Clearly we don't want the GMM-based validator we are going to implement for this tutorial to simply take a decision based on one single frame (though this would work for certain sound classes as we will see below). The solution to this problem is as follows: we implement a DataSource class that can not only return the current frame, but also the context of the frame with the desired scope. The context here stands for the k frames that are just before (i.e. history) and after (i.e. future) the current frame. Thus, each DataSource.read() can optionally (if scope > 0) return a sequence of vectors that the a GMM-based validator will score.

Later on, we will try different scope values, but first let us explain the code piece by piece. Don't forget to run the code in each cell so it is taken into account in the following ones.

Code

Import required classes and modules

We will first import GMM class from sklearn.mixture, librosa for audio features extraction and some classes from auditok:


In [2]:
import wave
import pickle
import numpy as np
from sklearn.mixture import GMM
import librosa
from auditok import DataValidator, ADSFactory, DataSource, StreamTokenizer, BufferAudioSource, player_for

Define functions to compute MFCC features from librosa

We define functions that extract MFCC features from an audio signal or a file with optionally their delat-1 and delta-2 coefficients:


In [3]:
def extract_mfcc(signal, sr=16000, n_mfcc=16, n_fft=256, hop_length=128, n_mels = 40, delta_1 = False, delta_2 = False):
    
    mfcc = librosa.feature.mfcc(y=signal, sr=sr, n_mfcc=n_mfcc, n_fft=n_fft, hop_length=hop_length, n_mels=n_mels)
    
    if not (delta_1 or delta_2):
        return mfcc.T
    
    feat = [mfcc]
    
    if delta_1:
        mfcc_delta_1 = librosa.feature.delta(mfcc, order=1)
        feat.append(mfcc_delta_1)
    
    if delta_2:
        mfcc_delta_2 = librosa.feature.delta(mfcc, order=2)
        feat.append(mfcc_delta_2)
        
    return np.vstack(feat).T


def file_to_mfcc(filename, sr=16000, **kwargs):
    
    signal, sr = librosa.load(filename, sr = sr)
    
    return extract_mfcc(signal, sr, **kwargs)

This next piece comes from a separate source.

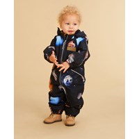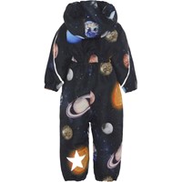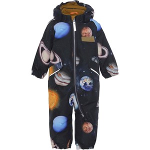 Hyde is Molo's new, dark blue unisex snowsuit with planets for small children. Hyde is part of Molo’s Outdoor-Proof line for active children. The snowsuit is perfect for moderately cold winter days. On very cold days, layer Hyde with a toasty fleece top underneath. The snowsuit has reflective piping and Molo's iconic star reflectors on the side and the back. It has a slanted zip closure on the front. Hyde is windproof, waterproof and breathable and has taped seams. This product has a water resistant, PFC-free surface treatment (Does not contain, e.g. PFOS, PFOA, etc). Water column pressure: 12.000 mm. Breathable: 8.000 g/m2/24hr.

Define a class for multi-class classification using GMMs

We define our multi-class classifier that uses sklearn's GMM objects:


In [4]:
class GMMClassifier():
    
    def __init__(self, models):
        """
        models is a dictionary: {"class_of_sound" : GMM_model_for_that_class, ...}
        """        
        self.models = models
    
    def predict(self, data):
        
        result = []
        for cls in self.models:
            
            llk = self.models[cls].score_samples(data)[0]
            llk = np.sum(llk)
            result.append((cls, llk)) 
        
        """
        return classification result as a sorted list of tuples ("class_of_sound", log_likelihood)
        best class is the first element in the list
        """
        return sorted(result, key=lambda f: - f[1])

Default auditok frame validator class is AudioEnergyValidator which only computes the log energy of a given slice of signal (here referred to as frame or analysis window), returns True if the result equals or is above a certain threshold, and False otherwise.

Thus, AudioEnergyValidator is not capable of distinguishing between different classes of sounds such as speech, cough or a noise of an electric engine. To build a validator that can track a particular class of sound (e.g. speech or whistle) over an audio stream, we build a validator that uses a more sophisticated tool to decide whether a frame is valid (belongs to the class of interest) or not.

A validator that relies on a GMM classifier

The following validator encapsulates an instance of the GMMClassifier defined above, and checks, for each frame, if the best label the GMMClassifier returns is the same as its target (i.e. class of interest).


In [5]:
class ClassifierValidator(DataValidator):
    
    def __init__(self, classifier, target):
        """
        classifier: a GMMClassifier object
        target: string
        """
        self.classifier = classifier
        self.target = target
        
    def is_valid(self, data):
        
        r = self.classifier.predict(data)
        return r[0][0] == self.target

A DataSource class that returns feature vectors

Although auditok is meant for audio segmentation, its core class, StreamTokenizer, does not expect a a particular type of data (see API Tutorial for examples that use strings instead of audio data). It just expects an object that has a read() method with no arguments.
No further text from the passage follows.